* [Task requirements]: Return the material exactly, first line through the line containing "TP-Link Archer C64", and nothing more. Pictures stay out.

* [Data section]:
============================================================

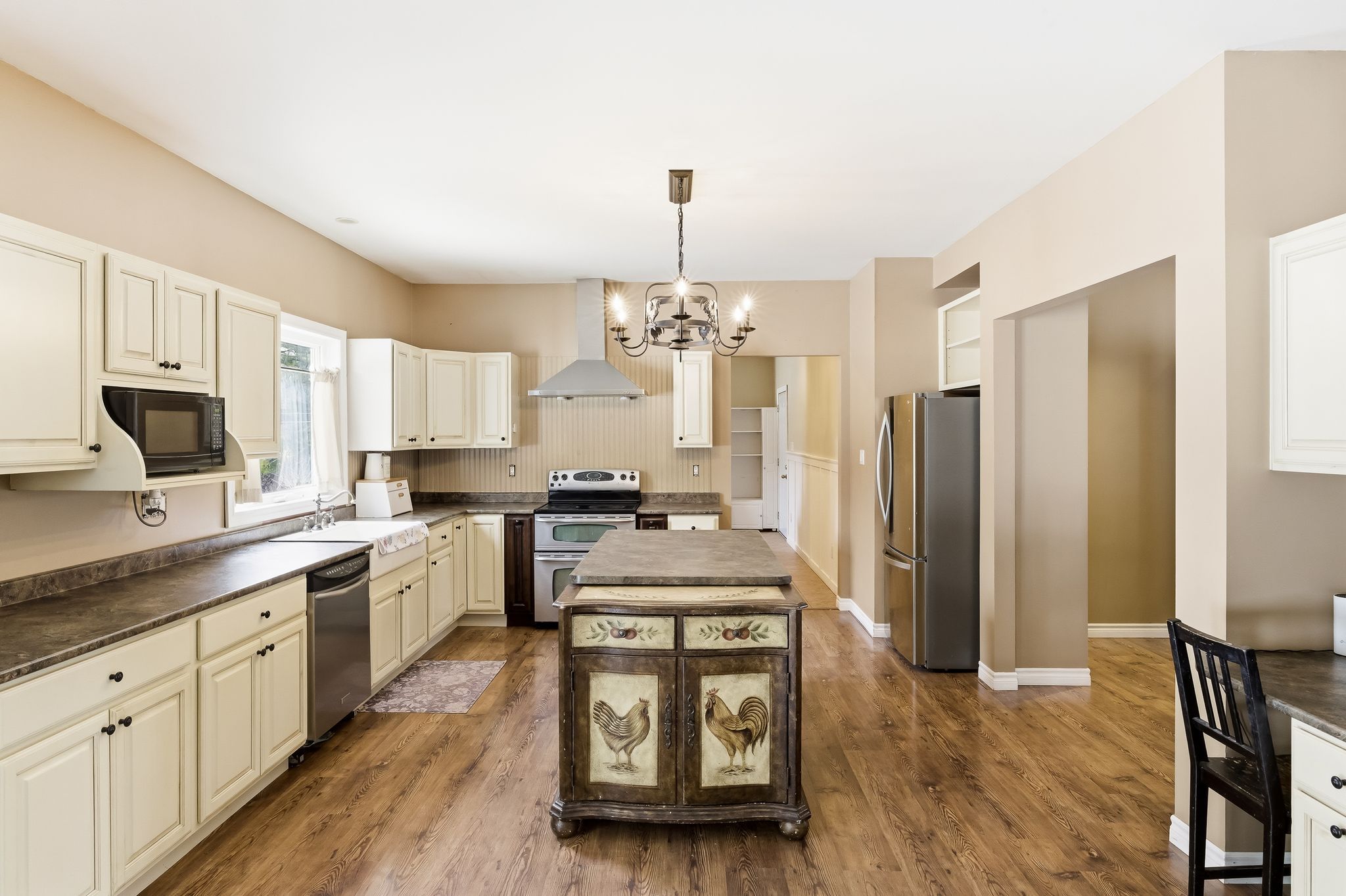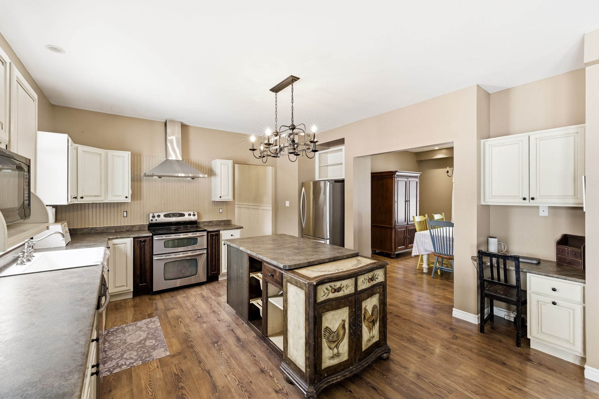 • Bright main floor features a large country kitchen and sun-filled living room.
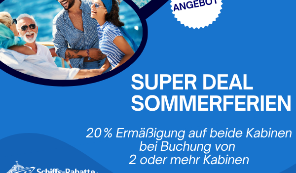 20 % Ermäßigung auf beide Kabinen bei Buchung von 2 oder mehr Kabinen – bei nur 2 Personen in der 1. Kabine!
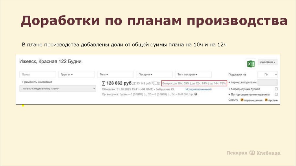 Доработки по планам производстваВ плане производства добавлены доли от общей суммы плана на 10ч и на 12ч
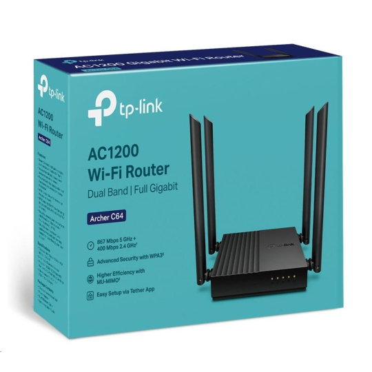 TP-Link Archer C64 OneMesh/EasyMesh WiFi5 router (AC1200, 2,4GHz/5GHz, 4xGbELAN, 1xGbEWAN)
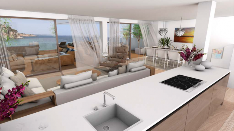 Brand new luxury apartment with unique frontline location. Construction will be finished in June 2017. This high quality and modern property with direct sea access will offer; 2 double bedrooms, 2 bathrooms, guest WC, open plan lounge/dining room leading to a 24m2 terrace with fantastic sea views. Extras; Domotic system, community swimming pool, garden, sauna and parking.
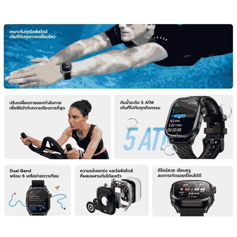 - เต็มที่ไปกับทุกจังหวะของชีวิต รองรับมาตรฐานการกันน้ำในระดับ 5 ATM
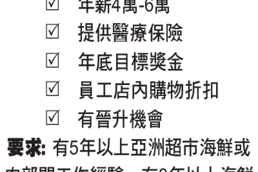 要求:有5年以上亚洲超市海鲜或肉部门工作经验。有3年以上海鲜或肉部门采购和管理经验。有意者请发简历:bowen@freshimarket.com或微信:koubowen
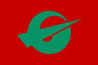 The flag of the former town of Johoku was blue with mark. The town is now,
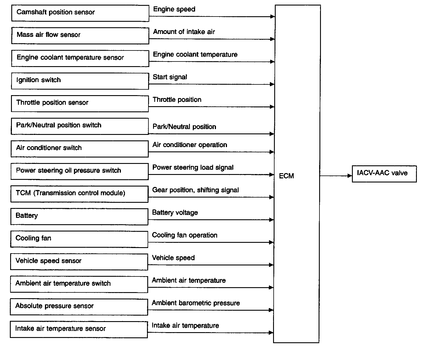 This system automatically controls engine idle speed to a specified level. Idle speed is controlled through fine adjustment of the amount of air which bypasses the throttle valve via IACV-AAC valve. The IACV- AAC valve repeats ON/OFF operation according to the signal sent from the ECM. The camshaft position sensor detects the actual engine speed and sends a signal to the ECM. The ECM then controls the ON/OFF time of the IACV-AAC valve so that engine speed coincides with the target value memorized in ECM. The target engine speed is the lowest speed at which the engine can operate steadily. The optimum value stored in the ECM is determined by taking into consideration various engine conditions, such as during warm up, deceleration, and engine load (air conditioner and power steering).

============================================================

* [Task answer]:
 • Bright main floor features a large country kitchen and sun-filled living room.
 20 % Ermäßigung auf beide Kabinen bei Buchung von 2 oder mehr Kabinen – bei nur 2 Personen in der 1. Kabine!
 Доработки по планам производстваВ плане производства добавлены доли от общей суммы плана на 10ч и на 12ч
 TP-Link Archer C64 OneMesh/EasyMesh WiFi5 router (AC1200, 2,4GHz/5GHz, 4xGbELAN, 1xGbEWAN)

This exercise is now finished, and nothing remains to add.